Pictures are to be left out; otherwise, copy exactly the lines from the line containing "Feel like a" through the end of the data.
****************************************
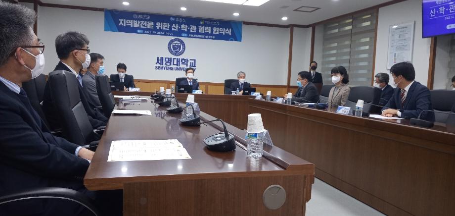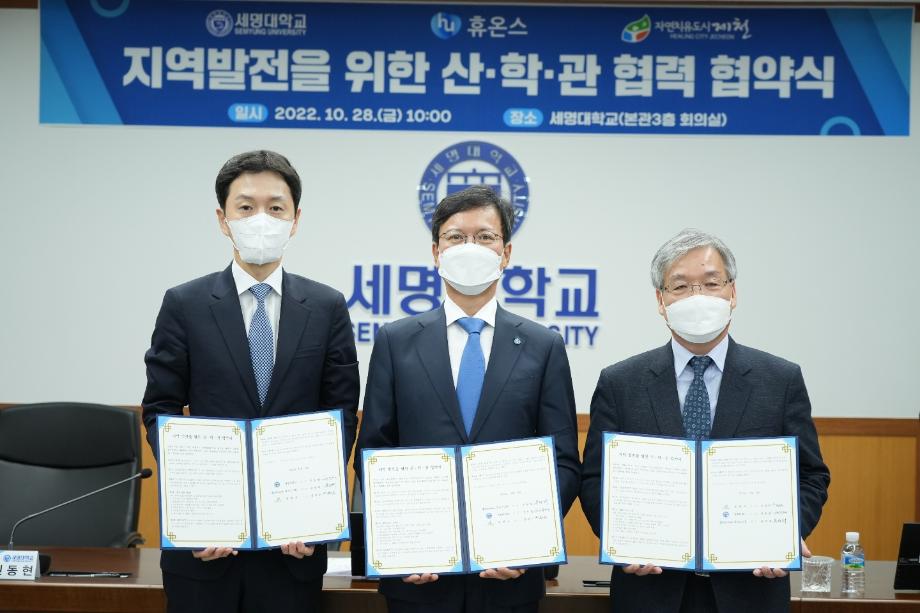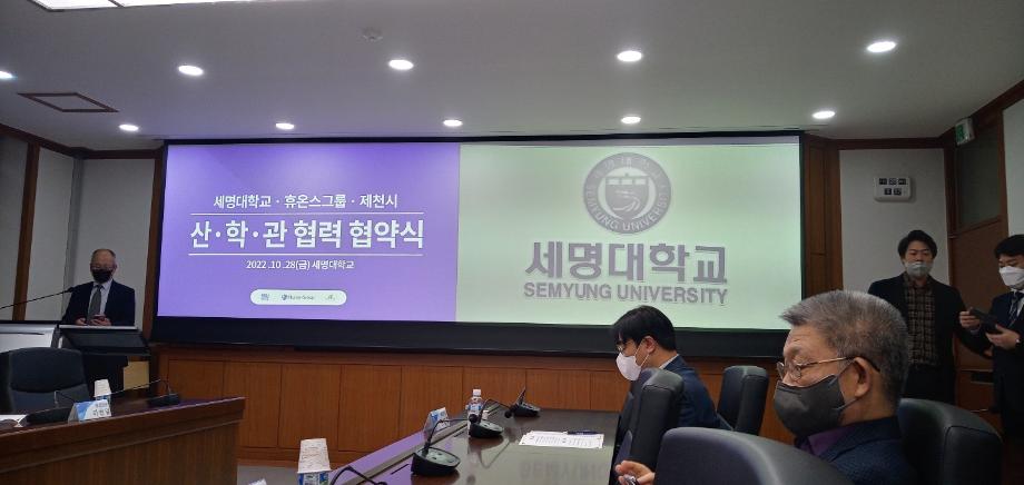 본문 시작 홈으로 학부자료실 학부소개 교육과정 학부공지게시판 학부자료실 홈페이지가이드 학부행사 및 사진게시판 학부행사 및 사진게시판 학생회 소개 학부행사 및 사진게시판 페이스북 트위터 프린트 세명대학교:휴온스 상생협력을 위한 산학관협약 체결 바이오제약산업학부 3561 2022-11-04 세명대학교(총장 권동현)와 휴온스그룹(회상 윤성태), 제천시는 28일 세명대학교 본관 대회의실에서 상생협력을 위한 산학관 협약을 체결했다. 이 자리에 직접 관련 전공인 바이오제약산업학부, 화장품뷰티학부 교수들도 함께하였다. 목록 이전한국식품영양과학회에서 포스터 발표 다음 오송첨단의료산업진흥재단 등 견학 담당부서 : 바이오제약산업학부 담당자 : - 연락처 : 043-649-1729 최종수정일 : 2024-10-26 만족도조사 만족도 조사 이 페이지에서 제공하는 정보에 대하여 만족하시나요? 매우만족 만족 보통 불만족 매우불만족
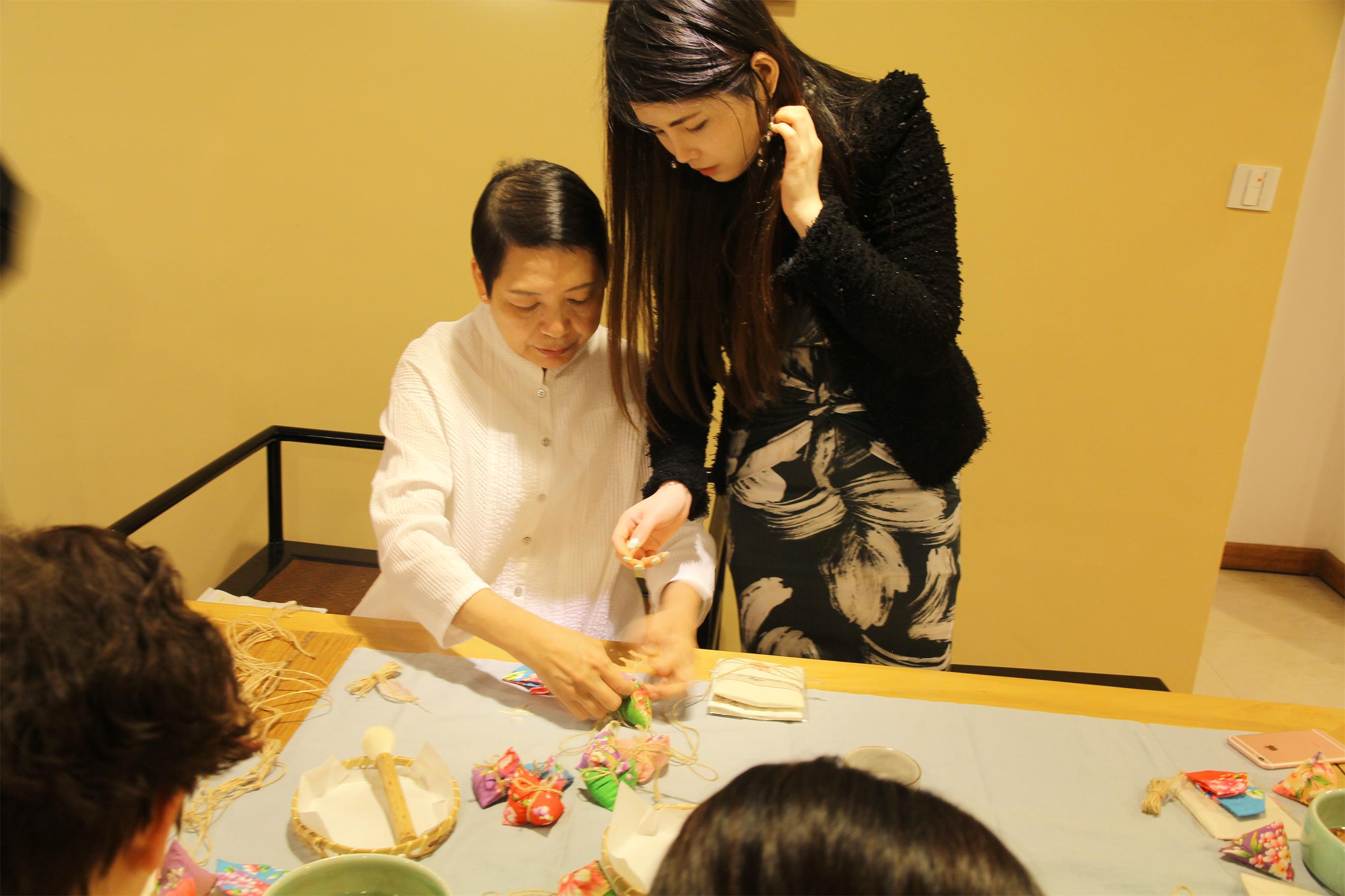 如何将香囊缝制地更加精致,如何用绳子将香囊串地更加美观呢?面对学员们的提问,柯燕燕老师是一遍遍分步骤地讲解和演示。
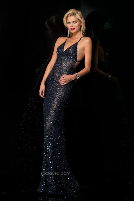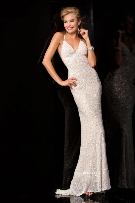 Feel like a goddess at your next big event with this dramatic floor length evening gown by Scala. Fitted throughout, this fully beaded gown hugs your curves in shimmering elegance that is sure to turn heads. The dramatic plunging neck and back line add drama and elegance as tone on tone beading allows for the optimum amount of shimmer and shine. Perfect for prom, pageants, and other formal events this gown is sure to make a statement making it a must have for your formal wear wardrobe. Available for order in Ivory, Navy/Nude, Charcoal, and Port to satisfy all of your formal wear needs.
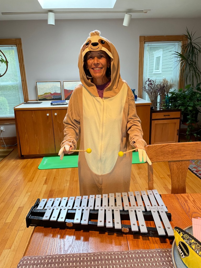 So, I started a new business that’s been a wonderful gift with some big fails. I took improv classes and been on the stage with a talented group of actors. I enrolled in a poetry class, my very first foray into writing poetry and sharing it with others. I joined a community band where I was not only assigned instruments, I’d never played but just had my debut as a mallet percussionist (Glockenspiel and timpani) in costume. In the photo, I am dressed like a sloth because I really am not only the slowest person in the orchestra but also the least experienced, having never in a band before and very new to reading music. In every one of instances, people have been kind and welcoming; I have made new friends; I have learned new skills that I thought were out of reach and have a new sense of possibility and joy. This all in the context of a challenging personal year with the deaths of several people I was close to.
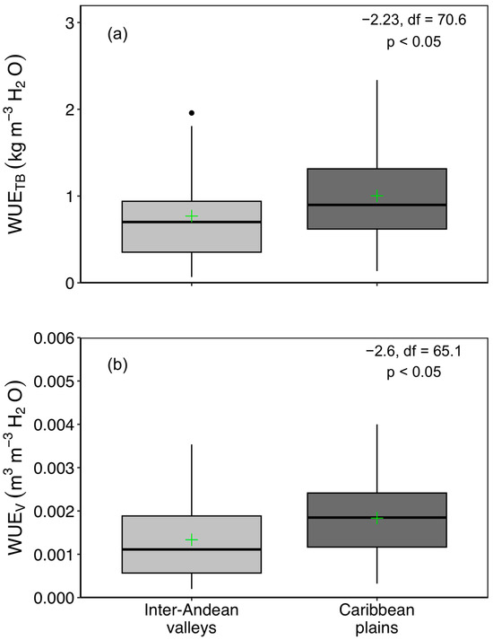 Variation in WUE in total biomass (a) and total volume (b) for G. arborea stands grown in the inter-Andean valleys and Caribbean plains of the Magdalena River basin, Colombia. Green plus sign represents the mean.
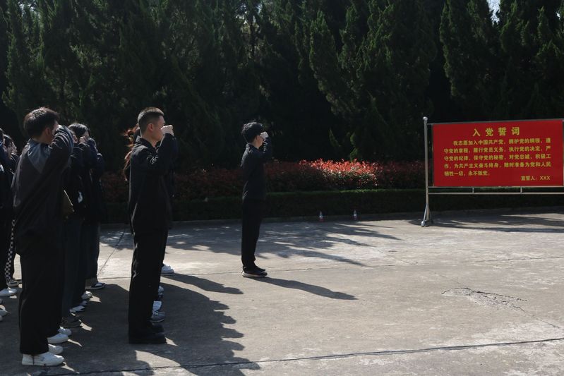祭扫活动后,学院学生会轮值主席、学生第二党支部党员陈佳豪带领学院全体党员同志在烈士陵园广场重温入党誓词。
****************************************
• ANSWER FOR THE TASK:
 Feel like a goddess at your next big event with this dramatic floor length evening gown by Scala. Fitted throughout, this fully beaded gown hugs your curves in shimmering elegance that is sure to turn heads. The dramatic plunging neck and back line add drama and elegance as tone on tone beading allows for the optimum amount of shimmer and shine. Perfect for prom, pageants, and other formal events this gown is sure to make a statement making it a must have for your formal wear wardrobe. Available for order in Ivory, Navy/Nude, Charcoal, and Port to satisfy all of your formal wear needs.
 So, I started a new business that’s been a wonderful gift with some big fails. I took improv classes and been on the stage with a talented group of actors. I enrolled in a poetry class, my very first foray into writing poetry and sharing it with others. I joined a community band where I was not only assigned instruments, I’d never played but just had my debut as a mallet percussionist (Glockenspiel and timpani) in costume. In the photo, I am dressed like a sloth because I really am not only the slowest person in the orchestra but also the least experienced, having never in a band before and very new to reading music. In every one of instances, people have been kind and welcoming; I have made new friends; I have learned new skills that I thought were out of reach and have a new sense of possibility and joy. This all in the context of a challenging personal year with the deaths of several people I was close to.
 Variation in WUE in total biomass (a) and total volume (b) for G. arborea stands grown in the inter-Andean valleys and Caribbean plains of the Magdalena River basin, Colombia. Green plus sign represents the mean.
祭扫活动后,学院学生会轮值主席、学生第二党支部党员陈佳豪带领学院全体党员同志在烈士陵园广场重温入党誓词。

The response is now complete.